I know that mostly all I’ve blogged about has been running and gardening lately, and I apologize. But, since they are my two current obsessions, I don’t have a lot of other things pressing in my mind fueling interesting blog posts. So, you “get what you get and you don’t throw a fit”. After all, I am the co-boss of my blog.
I have shared that I’ve been “striving” to lose weight this year. The “after the holidays” step on the scale was BAD. According to the scales, I needed to lose 60 lbs. to achieve my “healthy weight” for my height. It was humbling. That and the fact that hubby (who had been losing for 6 months by now) was now only 50 lbs. heavier than me… well, that apparently was the motivation I needed. I started the Couch to 5K program, and I started eating healthier. Not dieting, per se, but counting calories. I’ve shared before that I use the “MyFitnessPal” app. I cannot say enough good things about it. First of all, its database of foods is awesome — I hardly ever type in a food that it can’t find. It has the ability to put in your own recipes and figure the calorie content, AND – get this – you can just SCAN a food label/barcode with your phone and it just plops the calorie information into your phone. WAY. COOL. Another thing I like about the app is the social side… you can have friends within the app, and it tracks everyone’s progress on your wall. Not the actual weight NUMBERS mind you (because we all know we don’t always want to share those!), but meeting daily goals, exercise, and # of pounds lost:
It also gives you a visual of your weight-loss progress. Forgive me, I am still not feeling “real” enough to not blur out the numbers.
I love the accountability of writing it all down. It really makes you stop and think, “Is it really worth it if I eat so-and-so?” The funny thing is, I am eating a lot less, but I don’t feel deprived. I’ve been eating a TON of yummy, healthy, fresh vegetables. Roasted veggies are my new favorite food. I don’t even really miss the “bad” food – not that I deprive myself from the things I want now and then, I just eat them in moderation. When we do go out to eat and I tend to over-indulge, I don’t even enjoy it, and I usually feel terrible afterward. Not guilty, terrible, but just yucky, like in the pit of my tummy.
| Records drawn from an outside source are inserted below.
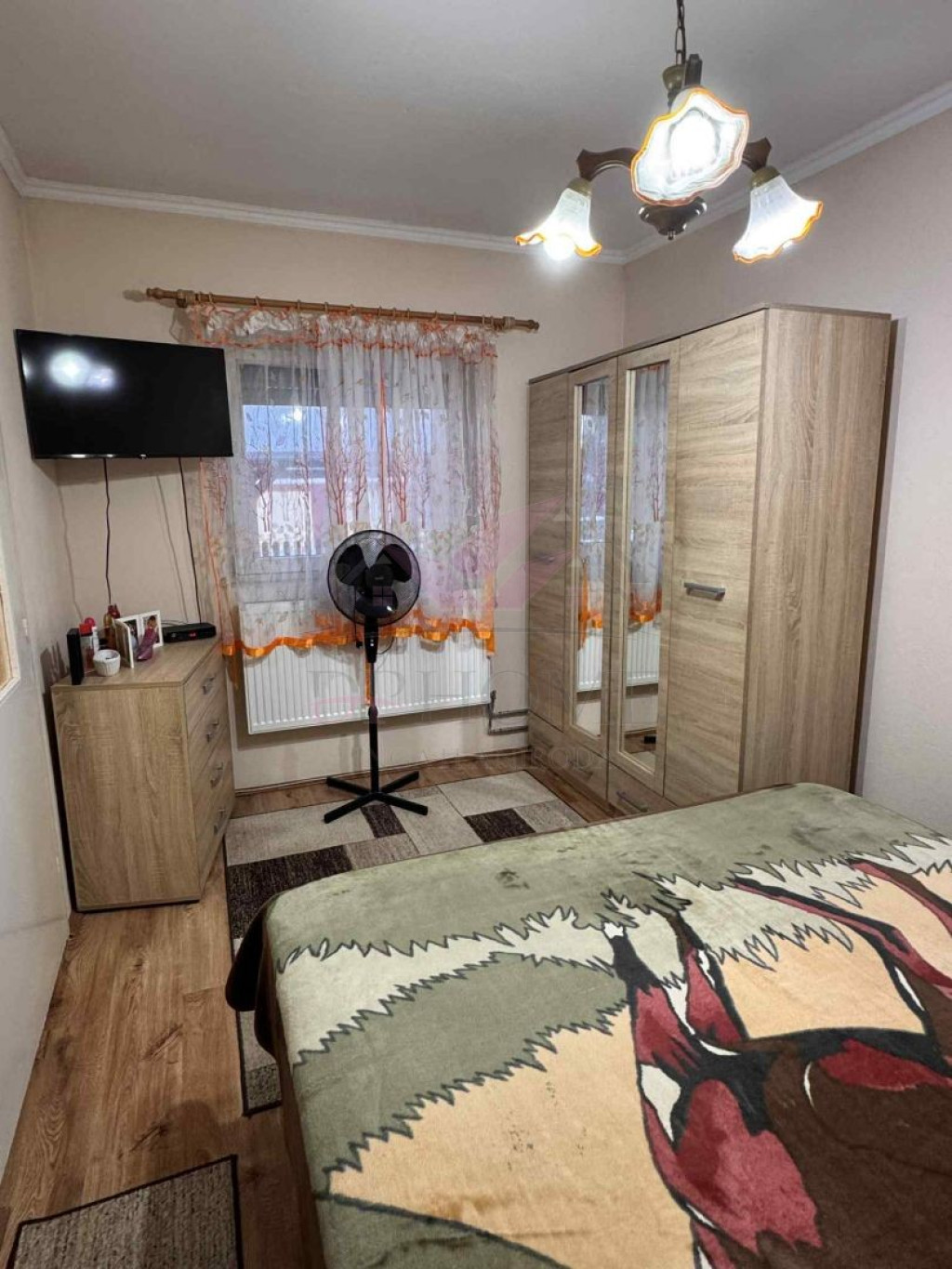 - Burkolatok: nappali-étkezőben és a hálószobában laminált padló, az ingatlan többi helyiségében kerámia
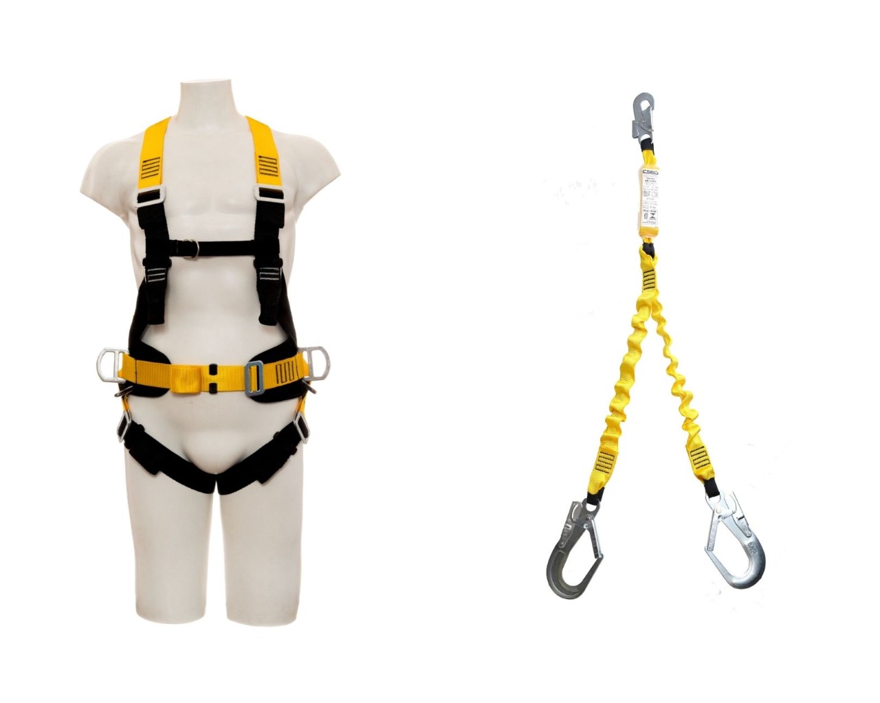 Fitas primárias e secundárias confeccionadas a partir de Poliéster de Alta tenacidade multifilamentos e com resistência à ruptura superior a 0,6 N/tex. Componentes metálicos em aço carbono de alta resistência, regulador em plástico PVC e linhas 100% poliéster de alta resistência.Trava quedas deslizante para retenção em queda para deslocamentos verticais. Extensor em fitas Poliester de Alta tenacidade multifilamentos e com resistência à ruptura superior a 0,6 N/tex. Componentes metálicos em aço carbono de alta resistência.
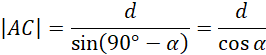 Oblicz długość AC, wykorzystując zależności trygonometryczne w trójkącie ACG:
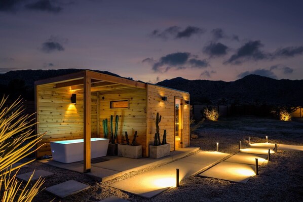 - Private outdoor baths in both homes
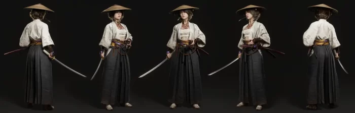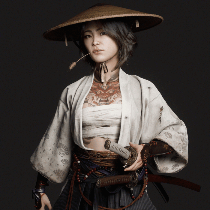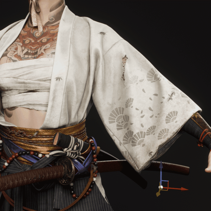 然而,我不满足于单纯复制所见,我希望我的角色尽可能地真实可信。因此,我对我设计中的每一个细节都进行了深入研究。从服装的每一片布料、每一种结绳技法,到刀具的每一部分,我都力求了解透彻。尤其是对于太刀(Katana),我研究了它的所有组成部分、不同设计样式、携带方式以及结绳方法,力求对它有全方位的认识,从而打造出令人满意的外观。
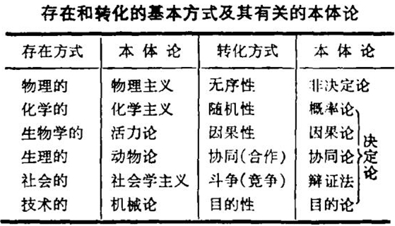 我们既可以对科学研究对象的存在方式进行分类,也可以对它们的转化方式进行分类;不管我们可以从什么方式开始着手研究,但我们总是要被引导到它的相互补充的另一方面。这样,我们就可以把存在分为物理事物,化学系统,生物系统,精神系统,社会和人工产品等几类,或者也可以把转化的方式分成无序的、随机的、因果的、协调的、斗争的和目的的等几种类型。在不考虑其他方式的情况下,如果把兴趣只集中到单独的一种存在方式或转化方式,就会导致一个特定的本体论——一种肯定只有某一方面的世界观。只有把各种可能的存在和转化的方式综合在一起,才会产生一种实在的本体论,即一种与我们关于实在的科学知识相协调的本体论。见下表和图:
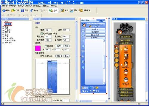 笔者上网多年,一直以来使用的聊天软件都是国产软件的骄傲——腾讯QQ,从QQ的 99 版开始使用,用到了如今的 2005 beta1 版。在这个过程中,常常下载安装试用一些QQ的辅助软件,其中有一些让笔者能更好地更方便地使用QQ。 现在我把这些好用的软件陆续介绍给大家,希望能对大家用好QQ有所帮助。 编辑器类 此类软件有QQ的皮肤编辑器和场景编辑器,它们都是腾讯官方的发布的软件。它们都可以在QQ的主页http://www.qq.com/下载得到。 皮肤编辑器 皮肤编辑器是用于制作QQ主窗口的皮肤的,用户可以通过“新建”按钮新建QQ的皮肤模板,然后选择“元件列表”中的元件,对它们进行属性设置和效果图预览。(下载QQ皮肤编辑器) 软件的主界面如图十六所示:
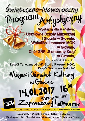 14 stycznia uczniowie Szkoły Muzycznej I Stopnia w Głownie, wokaliści i tancerze Miejskiego Ośrodka Kultury w Głownie oraz Chór ZNP "Słoneczny Krąg" zaprezentują Świąteczno-Noworoczny Program Artystyczny. Start: godz. 16.00. Wstęp wolny!
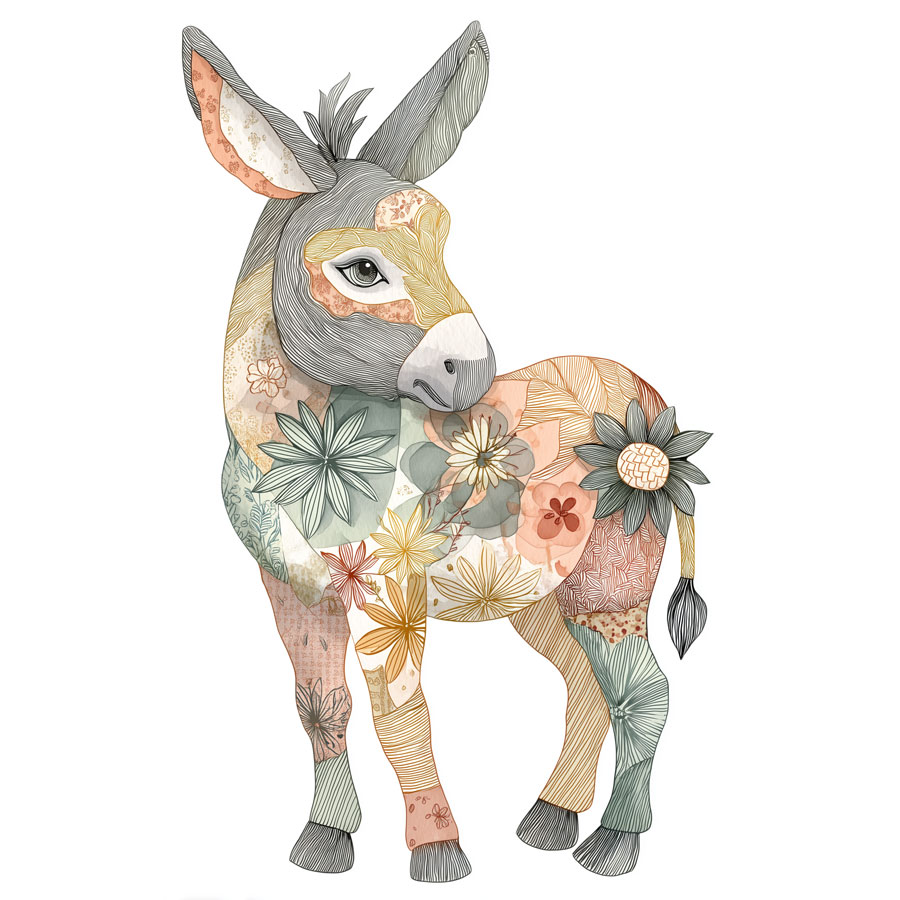 Details: Now’s the time for the smaller details. Draw flowers and color their petals with pretty colors. Carefully color the donkey’s fur, using small, even strokes like you’re drawing individual hairs. Little details make your drawing way more interesting!
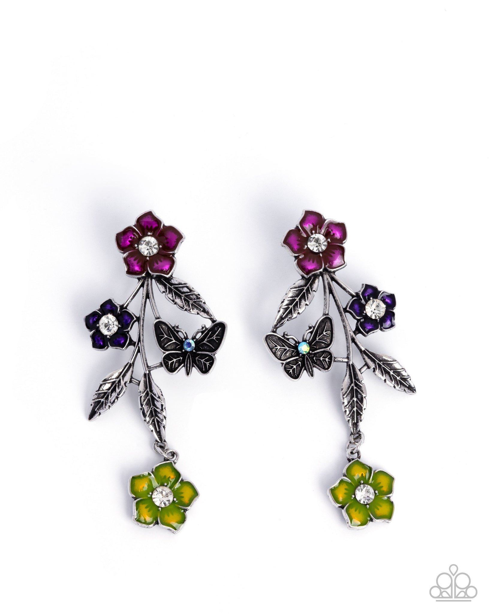 Featuring white rhinestone centers, varying transparent Pink Peacock and Purple-painted silver flowers bloom atop the ear giving way to textured silver leaves and whimsical silver butterflies with aquamarine iridescent bodies and a solitaire additional yellow flower, swaying below the ear for an eye-catching eclectic lure. Earring attaches to a standard post fitting. Due to its prismatic palette, color may vary.
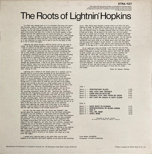 Lightnin' Hopkins - The Roots Of Lightnin' Hopkins (LP, Album, RE) UK 1972 VG+
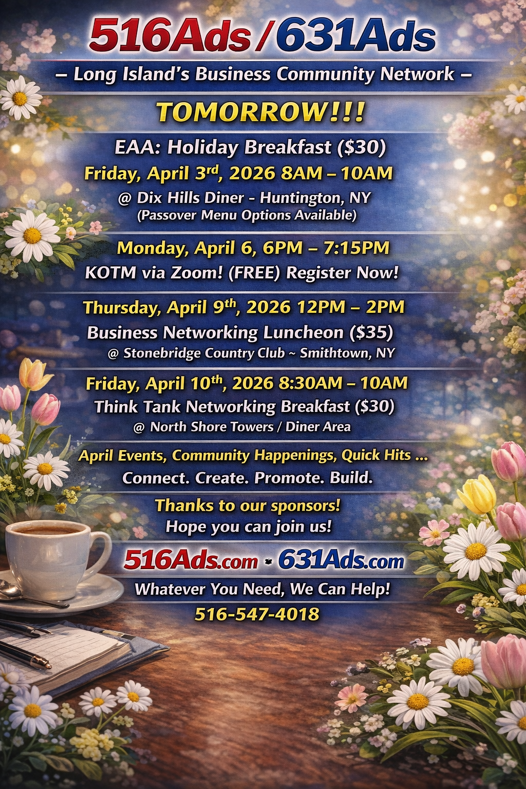516Ads/ 718Ads are proud to  team up with Giuseppe Di BartoloKeller Williams Legendary, Gerry Dolan’s –  Helping Hands Risk Solutions,our friends @ CDML (Computers Dominate My Life), Jim Nichols – Minuteman PressVesretta Homecare LLC for our Business Development Breakfast @ North Shore Towers. Connect. Promote. Get Ideas. Close deals.  $30 pp. Please RSVP. Hope to see you there!
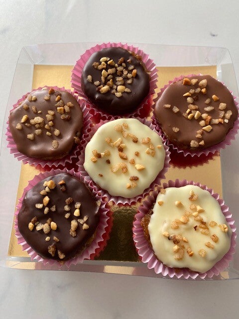 Onze ChocoLover box is gevuld met 6 DadelCuos vol chocolade-vulling, cookie crumble en een laagje melk, wit of pure chocolade.
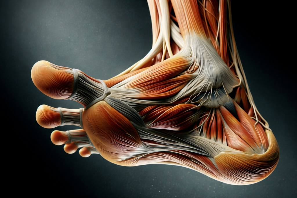 Le pied comprend une vingtaine de muscles intrinsèques, minuscules et souvent méconnus. Ce sont eux qui empêchent l’effondrement de la voûte plantaire et permettent de tenir immobile sans osciller.
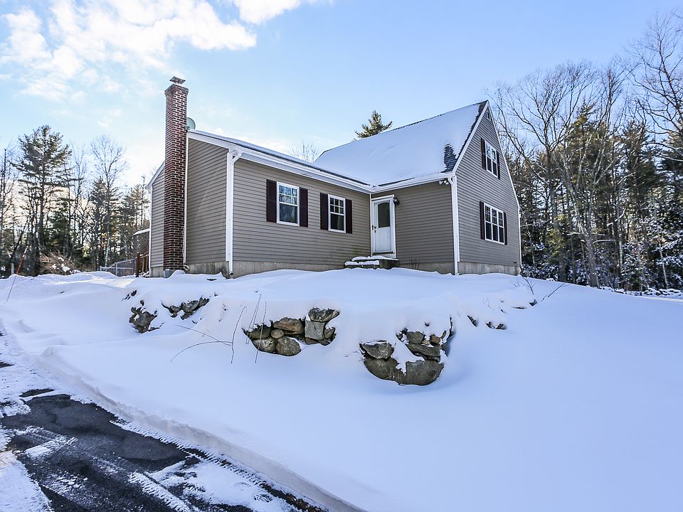 Auburn!!! Good sized cape with bump out, sent on 2.0+/- acres across from Calef Pond! Home features 3 bedrooms, and 1 ½ Baths, over sized living room and a wood stove as a second heat source. Hard to find, first floor master BR!!! Relax on the over sized deck/patio area in the back yard, HUGE yard both in the front and rear!!! Plenty of room to entertain and room to expand on the lot if needed!!! Great value, the lowest priced house in town!
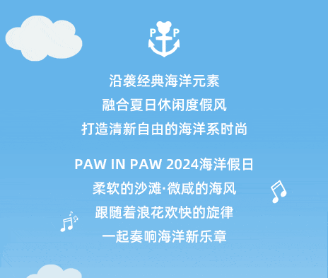 经典海洋元素的变奏发挥,打造松弛感宝贝。Paw in Paw全新海洋假日系列童装上市,新款8折;更有精选商品4-5折优惠。
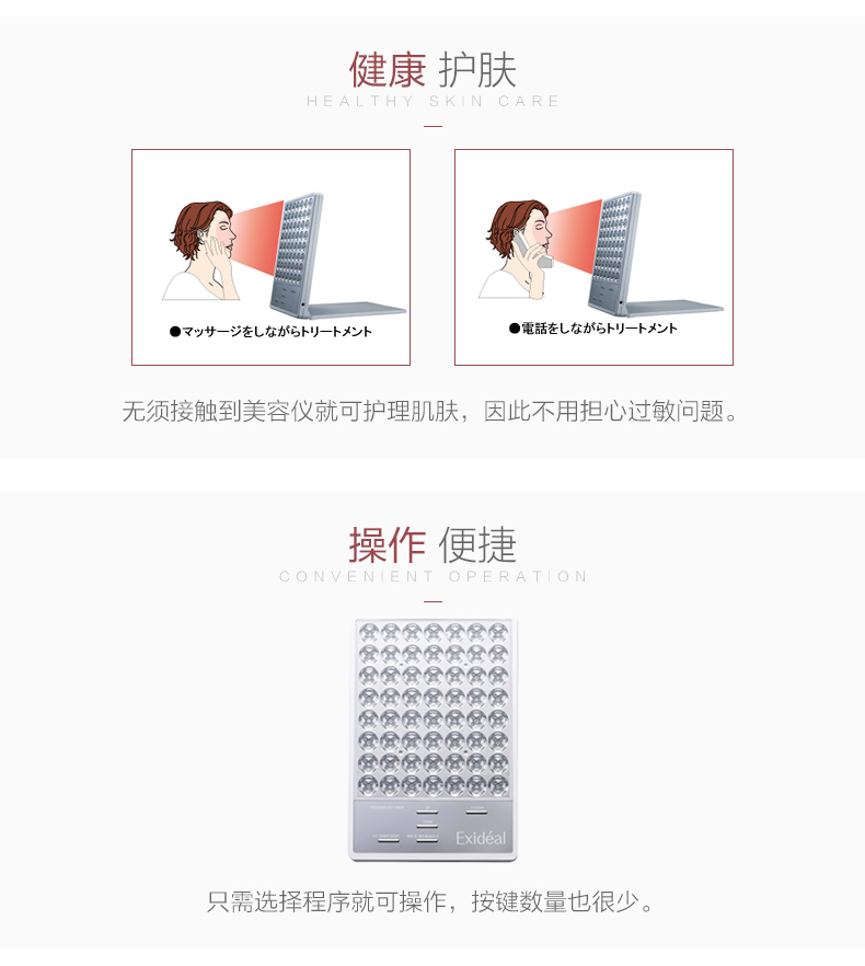 日本Exideal美容仪,光子嫩肤,蓝光淡痘修护,红橙光美白焕颜无暇,肌肤轻松娇嫩蜕变,改变肌肤命运,美容院级的肌肤护理体验。
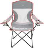 This High Sierra® Camping Chair supports up to 300lb capacity. Its lightweight style is durable and sporty. This camping chair’s breathable mesh fabric will dry fast in the event of an unexpected rainfall. Each armrest has an integrated cup holder. This lightweight portable camping chair easily folds into a High Sierra® carrying case with shoulder strap. 35.00″ D x 21.00″ W x 33.00″ H
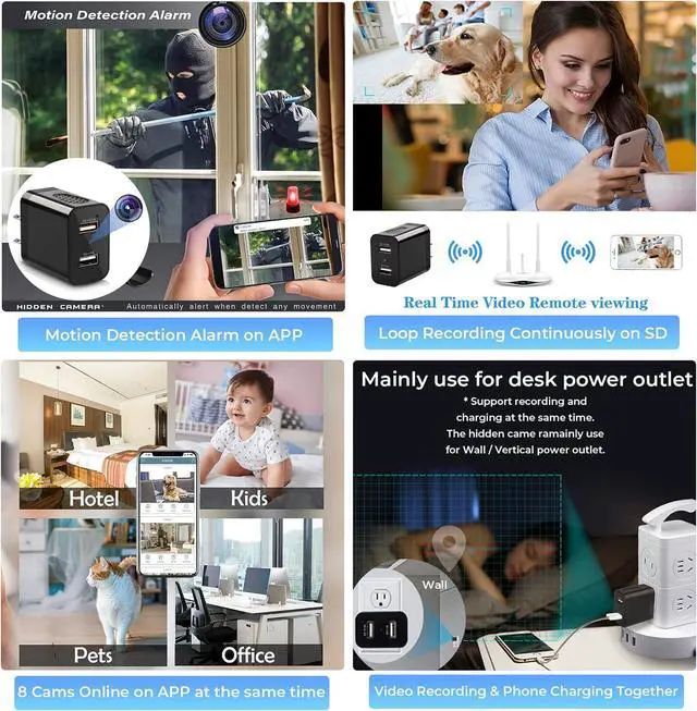 % The camera Lens is hidden between two USB port slots, It looks like a regular phone charger, there is no indicator and no sound when recording, No one will know this is a spy hidden camera. You can confidently plug it into your home, office, hotel, store, or even nursing home.
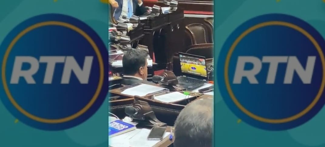 El diputado del Frente de Todos no disimuló ni un poco. Apoyó su notebook en la banca y vio el encuentro a pantalla completa, según se puede observar en un video que se viralizó en las redes.

It’s like my stomach has become accustomed to the more healthy way of eating, and it doesn’t like it when I deviate from this new norm.
The other half of the weight loss equation is activity. Running (well, more appropriately, jogging) has become another norm in my life as of late. It’s definitely a love-hate relationship. I look forward to heading to the track and getting my run underway, but then I hate it the whole time I am running. I have constant conversations in my head trying to talk myself out of it, and on the flip side, to not give up and stick with it.
The other day, I went to the track with Papa Tutu. I had told him I wanted to run three miles straight, which I’ve done once before, but not often, and he agreed to run with me instead of us each doing our own thing. By the middle of the first lap, my head was already telling me I didn’t really want to do three miles. I made it through the first mile and lap 5, but on the 6th lap, I just had to slow down for a minute and walk. I kind of walked off and on during that second mile, apologizing to my husband, saying all kinds of ugly things to myself and aloud about being a quitter. He didn’t push or act negative at all, he just slowly jogged beside me and told me it was okay and was supportive. I told him to go on ahead, that I was holding him back too much, but he stuck with me. I finally pushed my way through the last mile, only walking one small stretch of the curve during one of the laps. I didn’t run the entire three miles, but I did finish them.
One tool I’ve come to love in this running game is another app, Endomondo (the free version). You run the program during your run, and it tracks everything for you. GPS, miles, calories, lap times, total times, even where your fastest jogging rate was. If you log in to their website, it will even show you on a map your run and where in your run your fastest km, mile, 5 km, etc was. It puts a cute little tortoise and hare by your fastest/slowest laps. Here was the day I beat my personal best for 1 mile:
It also gives you all sorts of info about your run:
Yesterday I bought a couple of t-shirts on sale from Old Navy. They were size “M”. And they FIT. I can’t remember the last time anything sized “medium” fit me. It was quite a silent happy dance moment. Since January, I have lost 20 pounds. I am 1/3 of the way toward my target “healthy” weight. My pants are beginning to feel a little loose, and that’s a good feeling. I have years of experience with the “ups and downs” of my weight. I feel though, that I’m just finally at that point. I am tired of feeling tired, lazy & unhealthy. I want to be fit, and have the energy to be able to keep up with my kids and hopefully someday my grandkids. I want to feel attractive, to lose the 6 year old “baby belly”, to not cringe when I step on the scale at the doctor’s office each year. I know it took me a long time to get to this point, and I don’t expect to lose it overnight. But I think I’m on my way, and that feels good. In the meantime, I’m enjoying my new healthy life… a change for the better.